- The new tax was mentioned in a fiscal document published on Monday, though few details were given.
- Speculative demand from foreign, non-resident investors contributes to unaffordable housing prices for many Canadians.
OTTAWA: Canada is readying a new tax on foreign home buyers to help tamp down on speculative purchases from overseas, cited as a factor behind sharp rises in housing prices in some markets that have left many Canadians unable to afford homes.
The new tax was mentioned in a fiscal document published on Monday, though few details were given. The timing and scope of the measures would likely be outlined in the spring budget, expected in March or April, a senior government source said.
"Speculative demand from foreign, non-resident investors contributes to unaffordable housing prices for many Canadians," the government said in its Fall Economic Statement.
"The government is committed to ensuring that foreign, non-resident owners, who simply use Canada as a place to passively store their wealth in housing, pay their fair share."

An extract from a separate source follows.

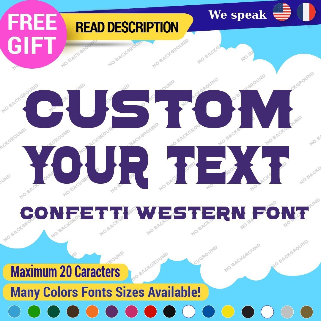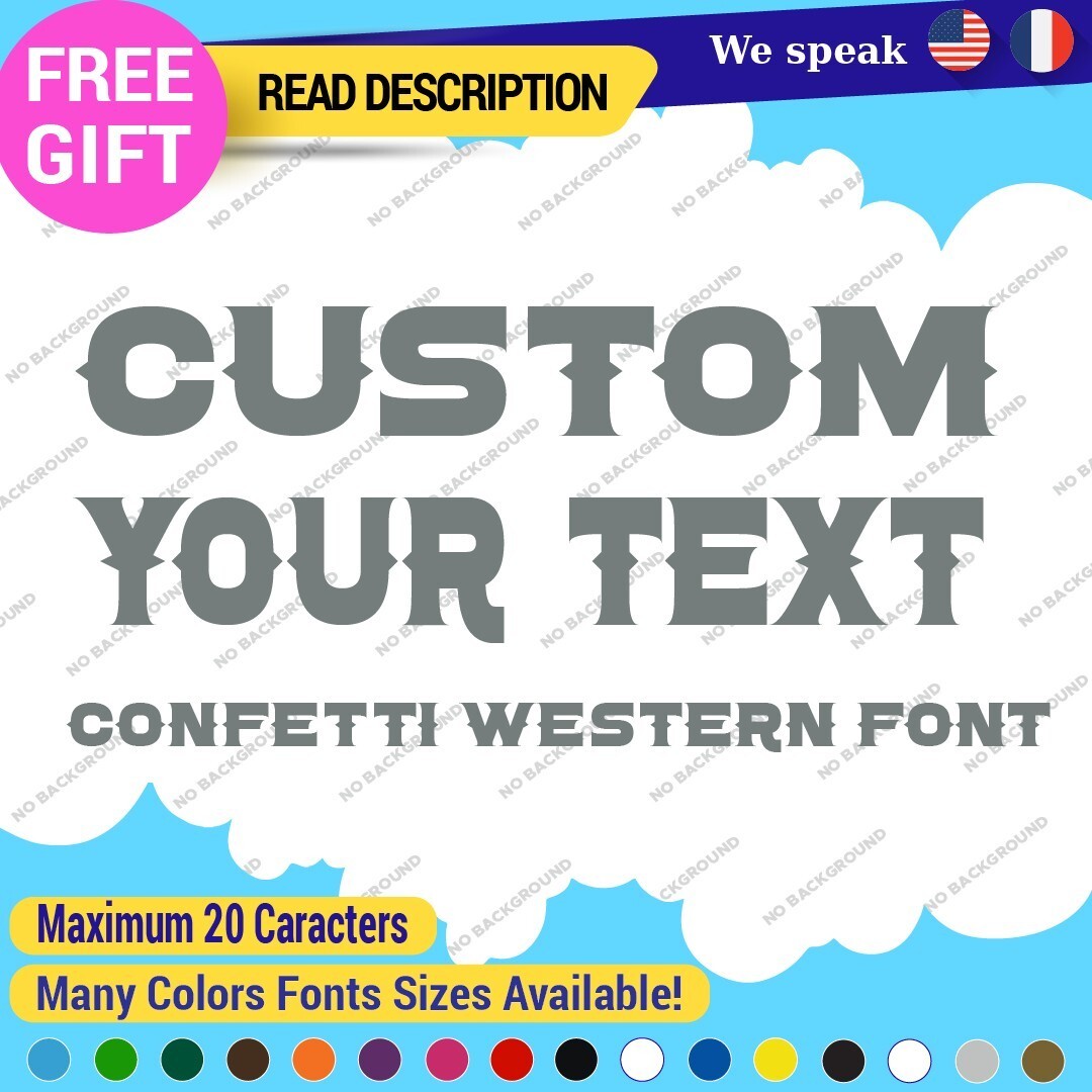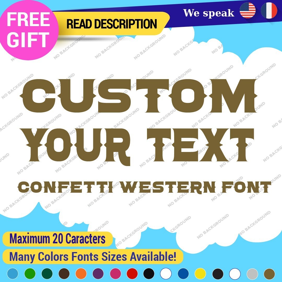 Introducing the Custom Text Name Confetti Western Font Lettering Die Cut Decal Vinyl Sticker 651, a versatile and stylish sign ideal for personalizing your vehicle or any surface. Made from high-quality Oracal vinyl, this self-adhesive decal is available in various colors and finishes, ensuring a perfect match for your aesthetic. With customizable text options, it can be placed on bumpers, windows, and more. This durable sticker comes with a 5-year warranty and is suitable for cars, motorcycles, trailers, and more. Elevate your style with this unique decal, priced between $8.65 and $11.65.

Foreign speculators were blamed for driving up home prices in Vancouver and Toronto earlier this decade, prompting British Columbia and Ontario to impose land-transfer taxes on foreign buyers in some markets.
British Columbia has a 20% land-transfer tax for foreign buyers in some regions, along with an additional speculation levy on empty homes, while Ontario's 15% tax applies to foreign buyers investing in certain cities.
Those measures helped slow speculation and led to some price corrections, though current levels of foreign demand are unclear due to a lack of national statistics on overseas ownership.
Canada home prices have risen 88.3% in the last decade, and were up 10.9% in October compared with the previous year, according to data from the Canadian Real Estate Association.
Recent housing gains have been driven by detached properties in smaller centers, as Canadians flee densely-packed city centers for homes with backyards and home offices amid the COVID-19 pandemic.
The Canadian government is also expanding the first-time home buyers incentive, aimed at helping millennial and immigrants gain a foothold in the housing market.